● **Problem description**:
Using the data below, transcribe exactly everything from the line that contains "Modern mimarisi ve" down to the line that contains "Das detailreich verfertigte, teilweise". Include both of those lines and none of the pictures.

● **Supplied entries**:

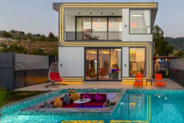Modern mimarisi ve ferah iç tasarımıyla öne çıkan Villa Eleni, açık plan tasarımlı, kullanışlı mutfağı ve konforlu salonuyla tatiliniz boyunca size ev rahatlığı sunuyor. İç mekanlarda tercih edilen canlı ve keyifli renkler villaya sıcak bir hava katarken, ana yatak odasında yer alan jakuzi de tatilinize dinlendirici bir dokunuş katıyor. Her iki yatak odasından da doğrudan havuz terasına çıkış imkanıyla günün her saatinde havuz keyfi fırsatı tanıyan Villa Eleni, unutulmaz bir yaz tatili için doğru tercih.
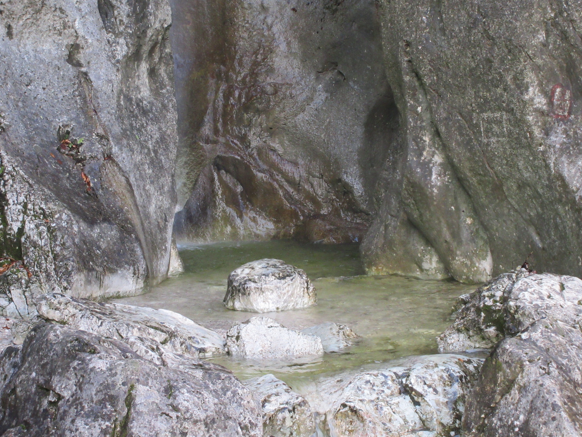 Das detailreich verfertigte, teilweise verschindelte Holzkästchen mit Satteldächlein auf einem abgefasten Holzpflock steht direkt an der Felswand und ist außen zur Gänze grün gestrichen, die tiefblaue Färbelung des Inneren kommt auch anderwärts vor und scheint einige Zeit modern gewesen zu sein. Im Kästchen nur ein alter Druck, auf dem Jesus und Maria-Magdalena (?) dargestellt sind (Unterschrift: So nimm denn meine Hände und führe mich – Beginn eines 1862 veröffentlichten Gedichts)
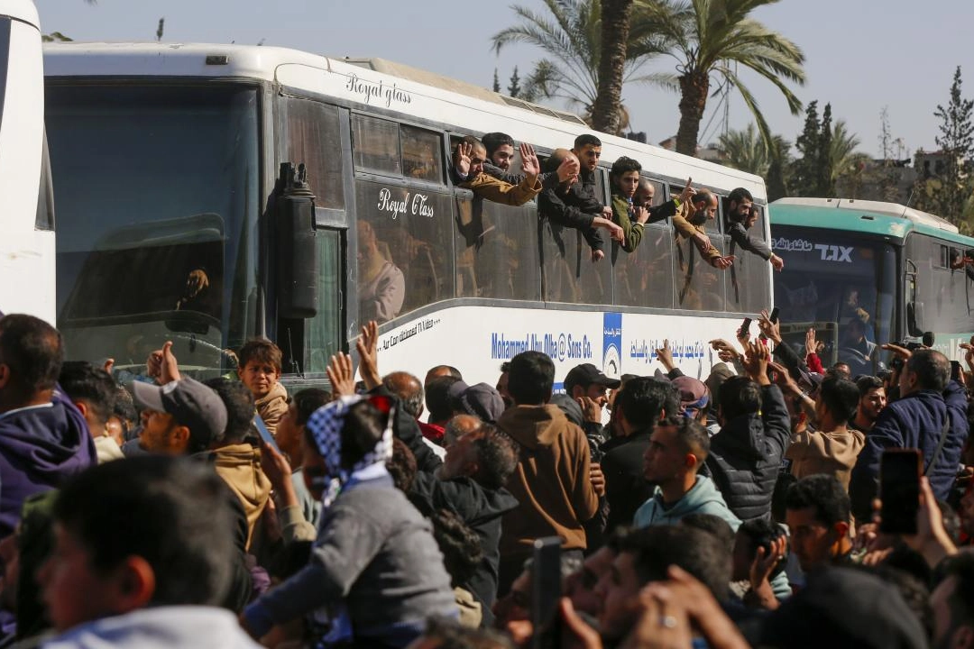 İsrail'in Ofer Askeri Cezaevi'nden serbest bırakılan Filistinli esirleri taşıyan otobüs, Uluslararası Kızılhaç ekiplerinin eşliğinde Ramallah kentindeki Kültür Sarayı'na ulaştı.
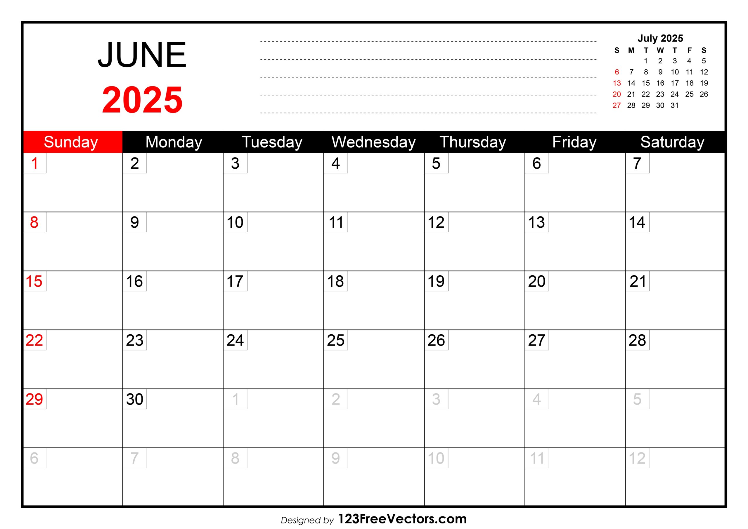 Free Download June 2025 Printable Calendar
...
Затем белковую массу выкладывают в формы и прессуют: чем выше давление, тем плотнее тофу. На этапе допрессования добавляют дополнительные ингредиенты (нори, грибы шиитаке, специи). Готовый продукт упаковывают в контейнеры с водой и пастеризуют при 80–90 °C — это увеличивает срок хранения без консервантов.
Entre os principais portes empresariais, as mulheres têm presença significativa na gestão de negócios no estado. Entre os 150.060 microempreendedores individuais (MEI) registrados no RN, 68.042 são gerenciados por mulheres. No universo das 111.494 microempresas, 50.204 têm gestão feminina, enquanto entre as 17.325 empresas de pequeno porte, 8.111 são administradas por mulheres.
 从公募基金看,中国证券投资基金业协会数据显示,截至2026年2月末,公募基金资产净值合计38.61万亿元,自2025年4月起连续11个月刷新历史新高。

● **Solution for this exercise**:
Modern mimarisi ve ferah iç tasarımıyla öne çıkan Villa Eleni, açık plan tasarımlı, kullanışlı mutfağı ve konforlu salonuyla tatiliniz boyunca size ev rahatlığı sunuyor. İç mekanlarda tercih edilen canlı ve keyifli renkler villaya sıcak bir hava katarken, ana yatak odasında yer alan jakuzi de tatilinize dinlendirici bir dokunuş katıyor. Her iki yatak odasından da doğrudan havuz terasına çıkış imkanıyla günün her saatinde havuz keyfi fırsatı tanıyan Villa Eleni, unutulmaz bir yaz tatili için doğru tercih.
 Das detailreich verfertigte, teilweise verschindelte Holzkästchen mit Satteldächlein auf einem abgefasten Holzpflock steht direkt an der Felswand und ist außen zur Gänze grün gestrichen, die tiefblaue Färbelung des Inneren kommt auch anderwärts vor und scheint einige Zeit modern gewesen zu sein. Im Kästchen nur ein alter Druck, auf dem Jesus und Maria-Magdalena (?) dargestellt sind (Unterschrift: So nimm denn meine Hände und führe mich – Beginn eines 1862 veröffentlichten Gedichts)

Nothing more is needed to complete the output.